One Green Cheese Lane
If your address is One Green Cheese Lane, The Moon then you may not know that US Military forces captured Saddam Hussein over the weekend. This of course made for a gap up this morning but not anywhere near the kind of gap I thought it would be.
The SPX opened at 1077 a 3-point gap from Friday's close, immediately rushed to make a daily high of 1082 by 9:35ET and took the rest of the day off. By 3:00 ET the SPX had closed the gap and everyone expected a small reprieve from the selling. Unfortunately it didn't happen and SPX just continued to fall making a daily low of 1068 at the 4:00 close, a 14-point range. This is what some call a gap and crap.
Using some of Jeff Bailey's retracement techniques, I have anchored a retracement on the 60-minute chart from the November 21st lows at 1031 and fitted the 19.1% retracement, to the December 3rd and December 12th levels. Using this retracement, a normal 38.2% retracement would take the index back to 1064 and a 50% retracement, still within the range of a normal retracement, would take the index back to 1057. So although today looked bearish the SPX is not in any danger of entering bearish territory but a trade below the last swing low and the 61.2% retracement level (yellow line) would change my mind.
When the DOW opened it also raced to make its daily highs of 10139 by 9:35 ET. It was sort of like these indexes wanted to get the daily highs out of the way early so they could get down to some serious selling. The DOW closed on its lows at 4:00ET at 10021 a 118 point range.
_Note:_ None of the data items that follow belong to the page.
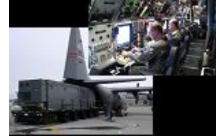
C-130 Carried SENIOR SCOUT

Upgrade and modernization efforts funded in the SENIOR SCOUT program encompass Baseline 5 upgrades of three SENIOR SCOUT shelters. In addition to the program funding, five efforts funded with Congressional marks were initiated in FY 2010: Communications intelligence capability upgrade valued at $2.4M, EO/IR capability valued at $4.8M, Line-of-sight data link valued at $2.4M, Remote operations capability valued at $2.4M, and support equipment for time-critical targeting valued at $3.0M. Additionally, NGREA funded capability for radio frequency cancellation valued at $6.4M, ($1.25M with FY 2010 NGREA and $5.15M with FY 2009 OCO NGREA).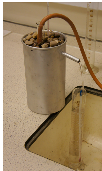
The geothermal power model 'in action'

Finally, discuss the proposition, found in many science textbooks, that 'geothermal energy is renewable'.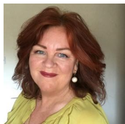
CEO, Guts UK Charity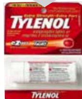
TYLENOL TUBE EXTRA ST 10PK 1-DOZ-DISPLAY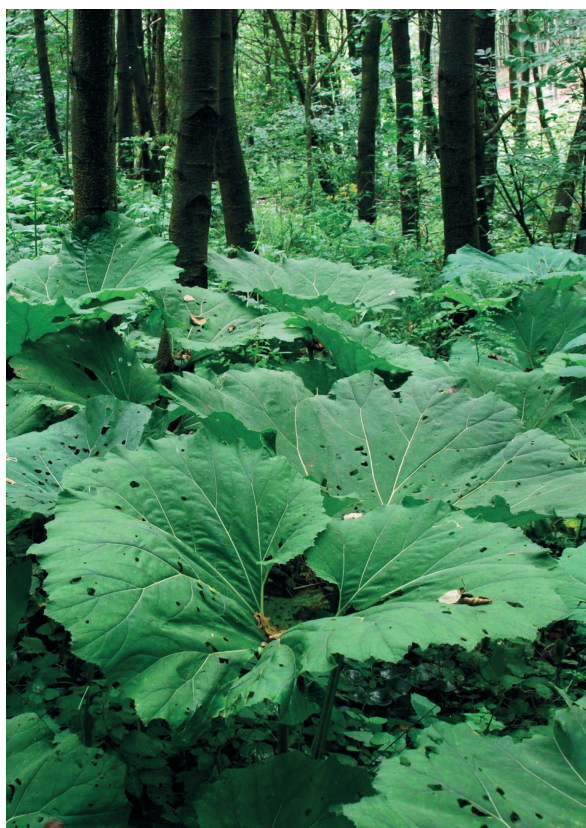
Figure 3: Mesophilous streamside forests with dominant species Petasites hybridus (, 19. 07. 2011, Velké Pole – Tomov štál).

Forest stands recorded within the association Stellario nemorum-Alnetum glutinosae are usually three-layered. The canopy closed tree layer is almost exclusively created by Alnus glutinosa , whereas the shrub layer is most often built up by Acer campestre and Corylus avellana (Table 2). The forest understorey contains species typical for various environmental microhabitats. In more detail, forest mesophilous plants (e.g. Brachypodium sylvaticum , Circaea lutetiana , Pulmonaria officinalis agg.) constantly grow in combination with more or less hygrophilous (e.g. Caltha palustris , Impatiens noli-tangere ) and nitrophilous species ( Aegopodium podagraria , Galium aparine , Glechoma hederacea , Urtica dioica ; Table 2, Figure 2a). The physiognomy of herb layer is determined by dominant presence of the Urtica dioica . Other species such as Glechoma hederacea and Petasites hybridus reach higher cover values only occasionally (Figure 3). Higher frequency is charac-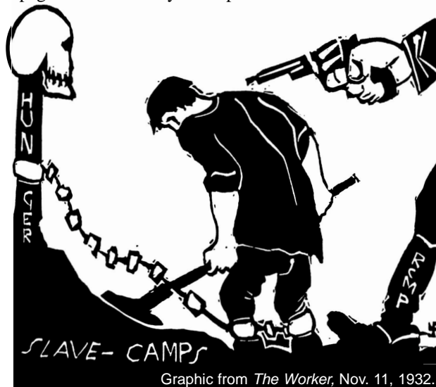
Graphic from The Worker , Nov. 11, 1932.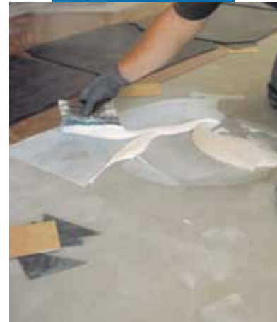
An example of an installation of inlaid PVC on a surface levelled with Ultraplan - CD2 - Milan - Italy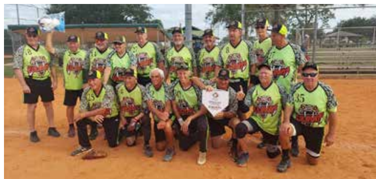
Venom 75 (FL)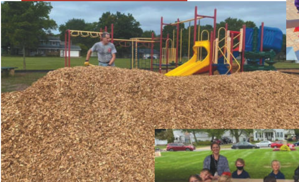
heaps of mulch spread across school playground by 4 volunteers .

I have also anchored a fitted retracement on the DOW November 21st lows and fit the 19.1% retracement to the December 9th swing high which fits nicely with the 10000 level. As long as the DOW stays above the 38.2% retracement level and does not make a lower low I think the bulls are in control.
For the OEX wrap I solicited Linda Piazza's help for there is no one the OIN staff that knows the OEX better than Linda. Here is her commentary.
Late last week, the OEX began moving up from the midline of its rising regression channel, suggesting that it might rise toward the top of that channel, currently near 540. Monday's trading pattern questioned that assumption. Although the 535-536 resistance zone does not appear as strong as the 527-529 and 531- 533 zones on the monthly chart, it proved strong enough to turn back further OEX advances today. Monday's trading pattern produced an inverted umbrella sitting high above the previous candles on the daily chart, with such a candle sometimes serving as a reversal signal. With one notable exception on October 9, such candles on the OEX are almost universally followed by a decline. Prices pierced through the 533 resistance and the upper Bollinger band, but could not maintain that level and fell back, with the body forming below both. That shows market participants that bullish fervor wasn't strong enough to hold onto those levels.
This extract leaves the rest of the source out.